ABSTRACT

Aim: Pathologic hyperplasia of fibroblast is responsible for the progression of intraarticular fibrosis. Laminin α4 (LAMA4), a subunit of laminin macromolecule family, was found to be overexpressed in various fibrotic tissues. However, the role of LAMA4 in knee arthrofibrosis remains elusive. Therefore, the aim of this study was to investigate the effect and mechanism of LAMA4 on fibroblast proliferation and migration.

Materials and methods: Following knee surgery, LAMA4 expression was detected in intraarticular fibrous tissues in rabbits at week 2 and week 4, respectively. In lentivirus-mediated LAMA4-overexpressed fibroblasts, cellular proliferation was assessed by EdU labeling and cell cycle analysis, cellular migration was evaluated using Transwell assay, and the expressions of key components in Shh/Gli1 signaling were detected by qRT-PCR, western blot and immunofluorescence analysis. Additionally, canonical Shh cascade was further blocked in LAMA4-overexpressed fibroblasts by cyclopamine, and the changes in cellular proliferation and migration were investigated.

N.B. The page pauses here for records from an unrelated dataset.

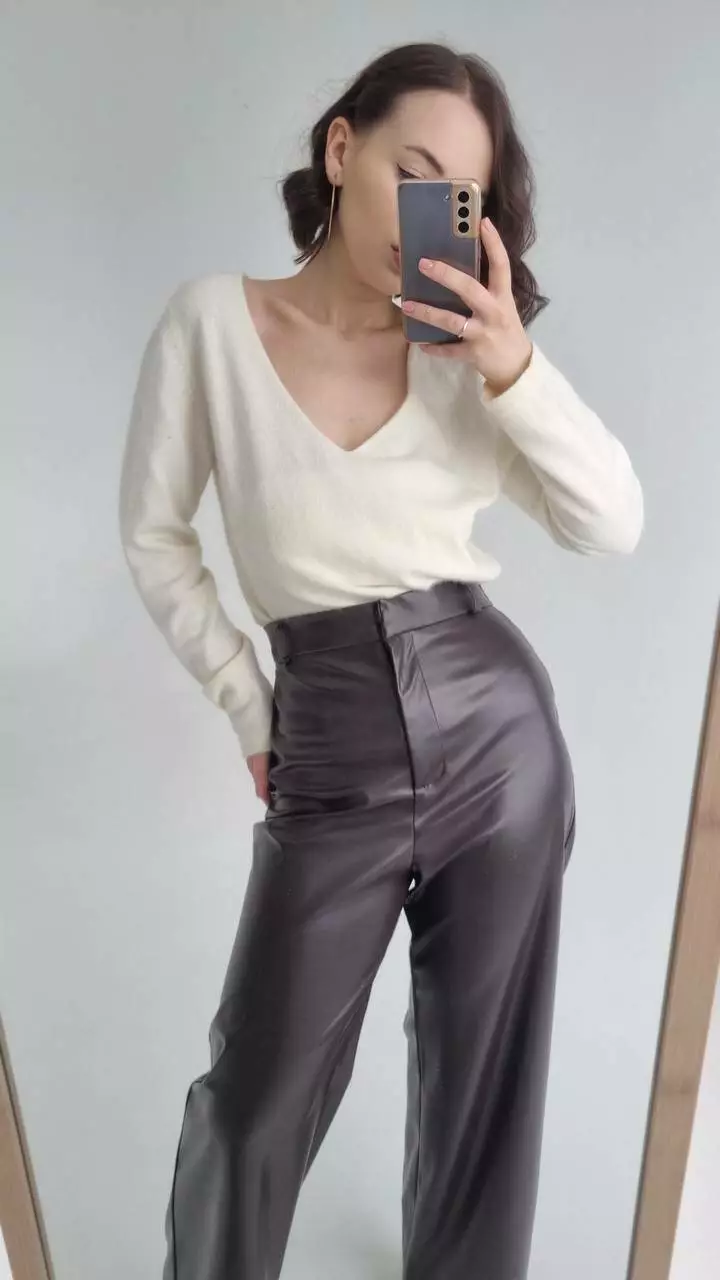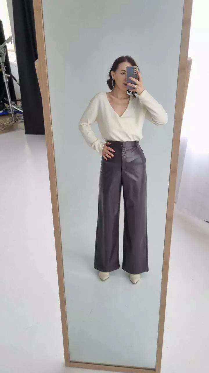 Брюки-палацо з екошкіри
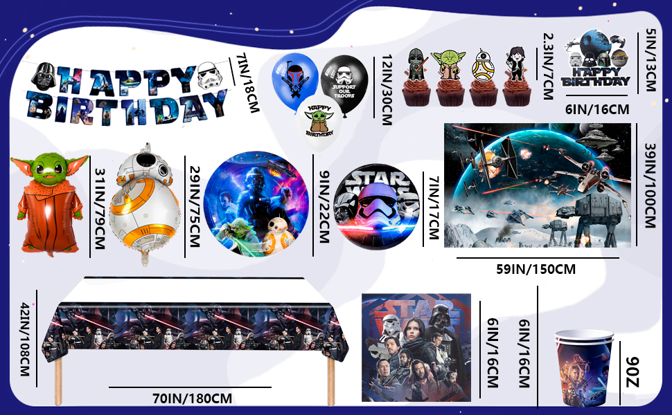 🎉Star Wars Birthday Decorations Set🎉 This star wars party supplies include 1 star wars birthday banner, 1 star wars cake topper, 1 star wars tablecloth, 10 7''star wars party plates, 10 9''star wars birthday plates, 10 star wars birthday napkins, 10 star wars party cups, 12 star wars cupcake toppers, 12 star wars birthday balloons etc star wars party decorations. 🎉Unique Design🎉 Our star wars birthday party decorations and star wars party tableware feature iconic star wars characters, and star wars balloons, star wars cake decorations, and star wars birthday tablecloth are printed with many star wars motifs that can transform your party space into an epic universe. 🎉High-Quality🎉 This star wars birthday party supplies is all made of high-quality materials, and the star wars plates and napkins are made of durable paper, which is sturdy and durable, so you can use these star wars birthday supplies with peace of mind. 🎉Perfect Star Wars Party Decoration Pack🎉 Use these star wars party decoration to embark on a journey of adventure in the milky way! Our star wars party decorations for adults not only can create a festive atmosphere for your star wars birthday party, but also can leave beautiful memories for everyone. 🎉Extensive Use🎉 These star wars tableware and star war birthday decorations are perfect for star wars birthday party, star wars theme party, star wars party, gaming party, classroom party, and more.
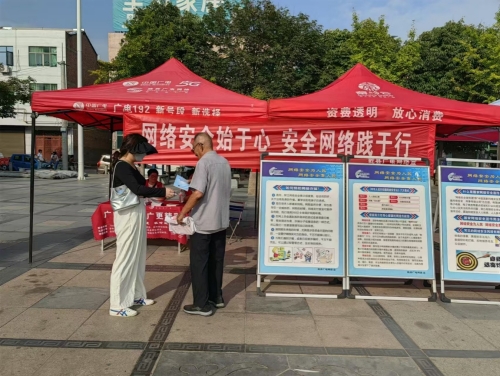 分公司本级紧扣“网络安全”主题,一方面组织工作人员在统一广场进行了布展,向广大群众发放网络安全相关宣传资料,普及网络安全、电信反诈等知识和技能;另一方面通过微信公众号、视频号发布了防范电信诈骗小知识,在市区营业厅LED大屏滚动播放第十一届网络安全宣传周核心内容,在业务演示屏上播放电信反诈宣传视频短片,进一步提升市区居民的网络安全意识和技能,积极营造网络安全社会氛围。
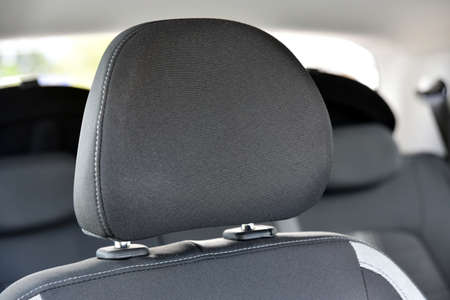 Close-up of rear seat headrest on light blurred background of passenger car interior
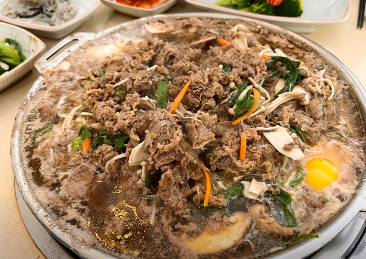 특히 대표 메뉴인 등심 불고기는 달콤한 육수에 얇게 썬 소고기와 야채를 넣어 끓여내며, 갈비찜과 낙지불고기전골도 인기 있습니다. 정갈한 반찬과 함께 제공되어 한 끼 식사로 만족도가 높습니다.
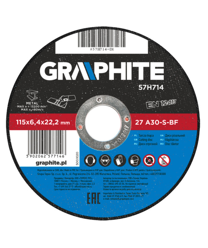 Tarcza szlifierska do metalu 115 x 6.4 x 22.2 mm, 27 A30-S-BF

Results: LAMA4 expression was positively correlated with the severity of knee arthrofibrosis. Functional studies demonstrated that LAMA4 overexpression facilitated proliferation, cell cycle progression and migration in fibroblasts. Mechanically, LAMA4 activated the canonical Shh/Gli1 signaling and promoted the nuclear translocation of Gli1 to upregulate expression of genes associated with cellular proliferation and migration. Intriguingly, blockage of Shh/Gli1 signaling with cyclopamine reversed the promoting effects of LAMA4 on proliferation and migration of fibroblasts.

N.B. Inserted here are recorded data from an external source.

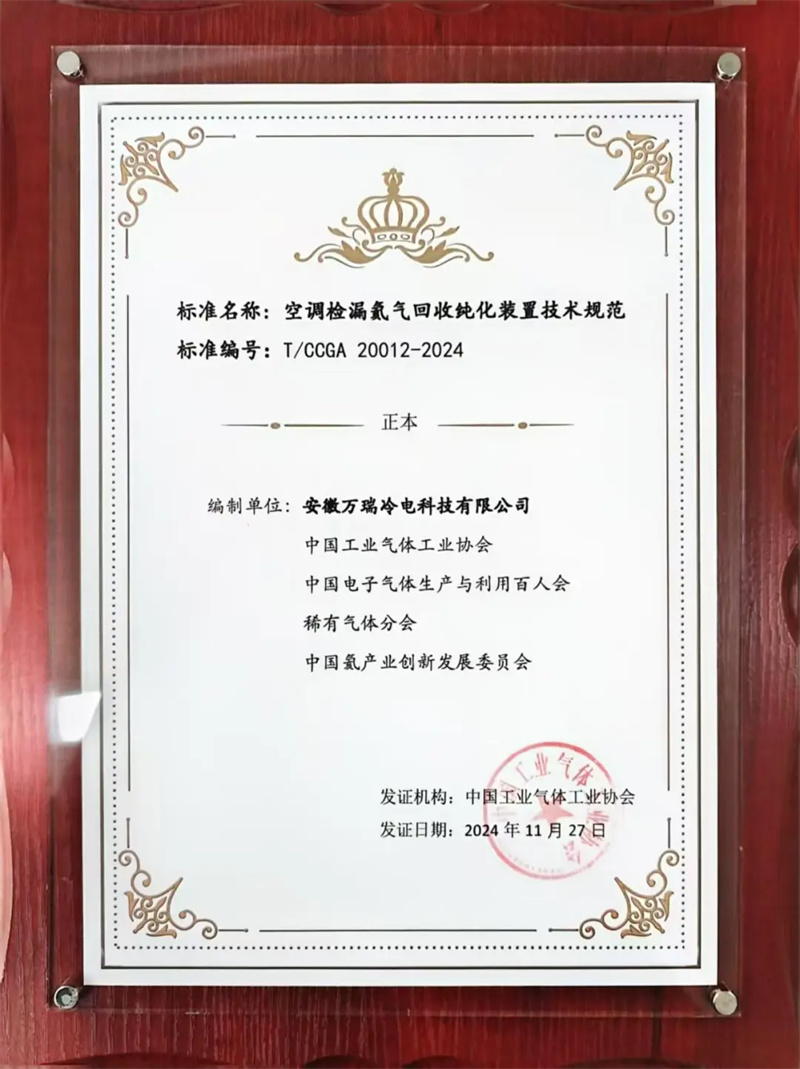 近日,中國工業(ye)氣(qi)體工業(ye)協(xie)會第三十四次會員大會暨2024年年會在湖北武漢(han)召開(kai)。會上,萬瑞冷電自(zi)主(zhu)研(yan)制發(fa)(fa)明(ming)專(zhuan)利(li)“一種(zhong)用于空(kong)調(diao)行業(ye)的廢氦氣(qi)回收系統”獲授氣(qi)體行業(ye)專(zhuan)利(li)金獎,標(biao)志著公司(si)專(zhuan)注氦氣(qi)提(ti)取、純化、液(ye)化及回收技(ji)(ji)術研(yan)究開(kai)發(fa)(fa),取得(de)了新(xin)的成績。作為基礎型專(zhuan)利(li),此次獲獎專(zhuan)利(li)(專(zhuan)利(li)號:ZL 201310284522.4)是公司(si)研(yan)發(fa)(fa)技(ji)(ji)術團隊(dui)歷經多年攻關(guan)的重要創新(xin)成果,公開(kai)了一種(zhong)用于空(kong)調(diao)行業(ye)的廢氦氣(qi)回收系統,突破(po)了本領域關(guan)鍵(jian)性(xing)(xing)、共性(xing)(xing)的技(ji)(ji)術難題(ti),具有能耗低、性(xing)(xing)價(jia)比高(gao)、安全性(xing)(xing)好和自(zi)動(dong)化程(cheng)度高(gao)等特點,兼(jian)具經濟效益與社會效益。
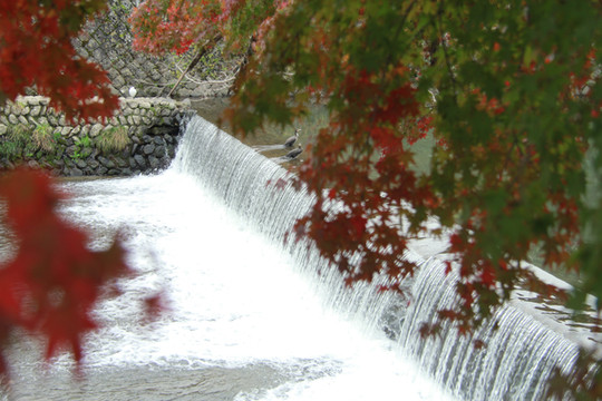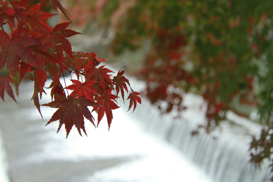 枫叶依水而伴
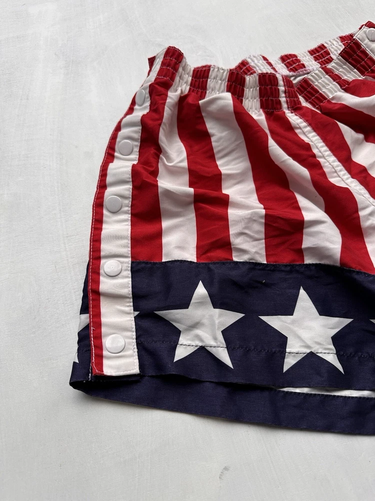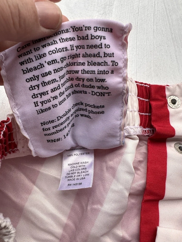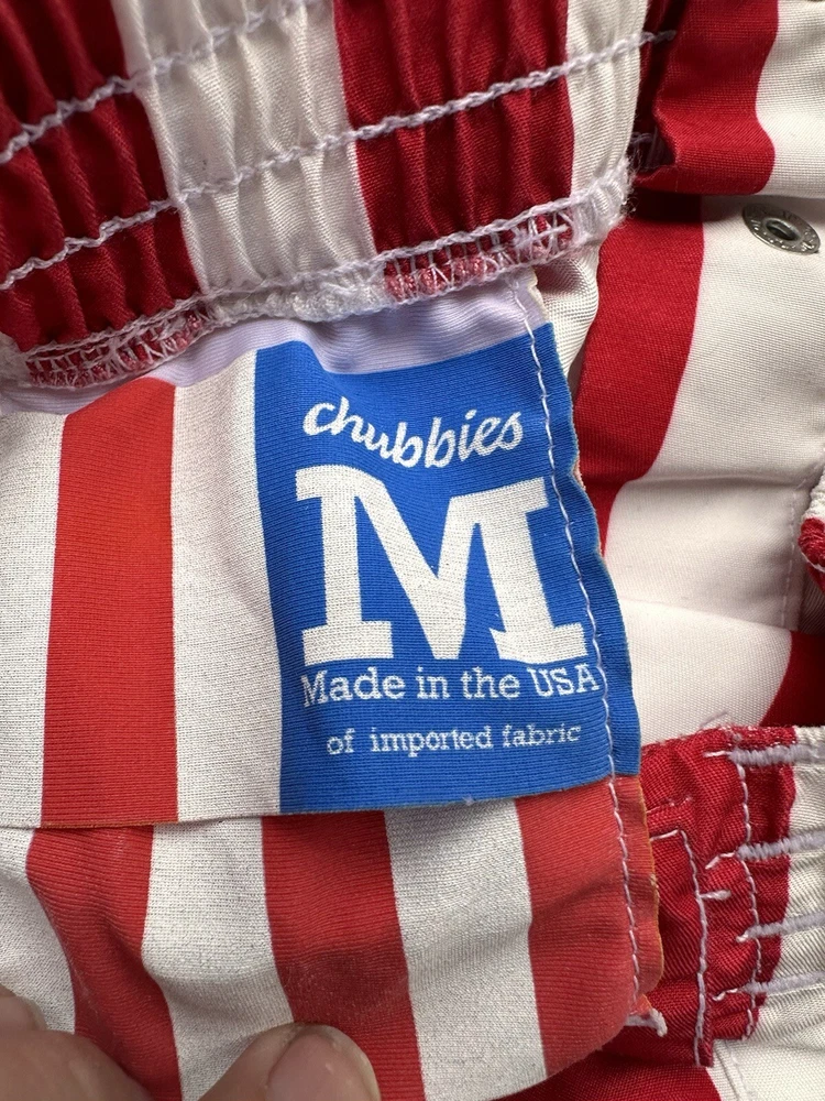 Get ready for the ultimate swimming experience with these Chubbies Men's Rip Away Shorts in the iconic American Flag pattern. These swim shorts feature a slimming design with an elastic waist and drawstring for a comfortable fit. The built-in briefs and pockets provide added convenience, while the UV-protection and water-repellent material keep you safe from the sun and water. Perfect for competition, training, water polo, lifeguard, surfing, or recreational activities, these swim shorts are made with high-quality materials that are chlorine-resistant and quick-drying. With a vintage look and classic theme, these shorts are a must-have for any swimmer's wardrobe.
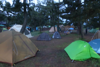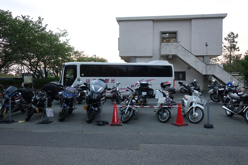 バイク置き場も満杯になっていた。富山、習志野、神戸、etc。我々以外の北九州もいた。 |

Conclusions: LAMA4 positively regulated cellular proliferation and migration in fibroblasts via activating the Shh/Gli1 signaling. LAMA4/Shh/Gli1 signaling axis might be a potential therapeutic target for the prevention of surgery-induced intraarticular fibrosis.

摘要

目的：成纤维细胞的病理性增生是导致关节内纤维化进展的原因。层粘连蛋白 α4 (LAMA4) 是层粘连蛋白大分子家族的一个亚基，被发现在各种纤维化组织中过表达。然而，LAMA4 在膝关节纤维化中的作用仍然难以捉摸。因此，本研究旨在探讨LAMA4对成纤维细胞增殖和迁移的影响及其机制。

材料与方法：膝关节手术后，分别在第2周和第4周检测到兔关节内纤维组织中LAMA4的表达。在慢病毒介导的 LAMA4 过表达的成纤维细胞中，通过 EdU 标记和细胞周期分析评估细胞增殖，使用 Transwell 测定评估细胞迁移，并通过 qRT-PCR、蛋白质印迹和免疫荧光分析。此外，环巴胺在 LAMA4 过表达的成纤维细胞中进一步阻断了经典的 Shh 级联，并研究了细胞增殖和迁移的变化。

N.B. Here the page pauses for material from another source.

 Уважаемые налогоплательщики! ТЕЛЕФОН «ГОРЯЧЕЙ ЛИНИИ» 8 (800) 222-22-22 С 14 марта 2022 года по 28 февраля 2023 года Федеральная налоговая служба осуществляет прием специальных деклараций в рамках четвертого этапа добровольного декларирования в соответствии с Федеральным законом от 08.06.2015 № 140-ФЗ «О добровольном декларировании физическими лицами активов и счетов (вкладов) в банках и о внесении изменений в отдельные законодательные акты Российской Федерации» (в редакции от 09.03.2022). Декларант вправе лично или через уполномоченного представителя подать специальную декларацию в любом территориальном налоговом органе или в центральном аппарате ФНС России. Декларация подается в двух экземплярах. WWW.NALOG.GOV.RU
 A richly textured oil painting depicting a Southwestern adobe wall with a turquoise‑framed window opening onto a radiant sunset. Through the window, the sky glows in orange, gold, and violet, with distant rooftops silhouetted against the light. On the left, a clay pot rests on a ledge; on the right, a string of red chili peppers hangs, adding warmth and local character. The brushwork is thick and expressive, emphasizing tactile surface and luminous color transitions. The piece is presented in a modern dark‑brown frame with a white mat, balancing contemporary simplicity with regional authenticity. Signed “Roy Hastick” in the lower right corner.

结果：LAMA4表达与膝关节纤维化严重程度呈正相关。功能研究表明，LAMA4 过表达促进了成纤维细胞的增殖、细胞周期进程和迁移。机械地，LAMA4 激活典型的 Shh/Gli1 信号并促进 Gli1 的核转位以上调与细胞增殖和迁移相关的基因的表达。有趣的是，环巴胺阻断 Shh/Gli1 信号通路逆转了 LAMA4 对成纤维细胞增殖和迁移的促进作用。

结论：LAMA4通过激活Shh/Gli1信号正向调节成纤维细胞的增殖和迁移。LAMA4/Shh/Gli1 信号轴可能是预防手术引起的关节内纤维化的潜在治疗靶点。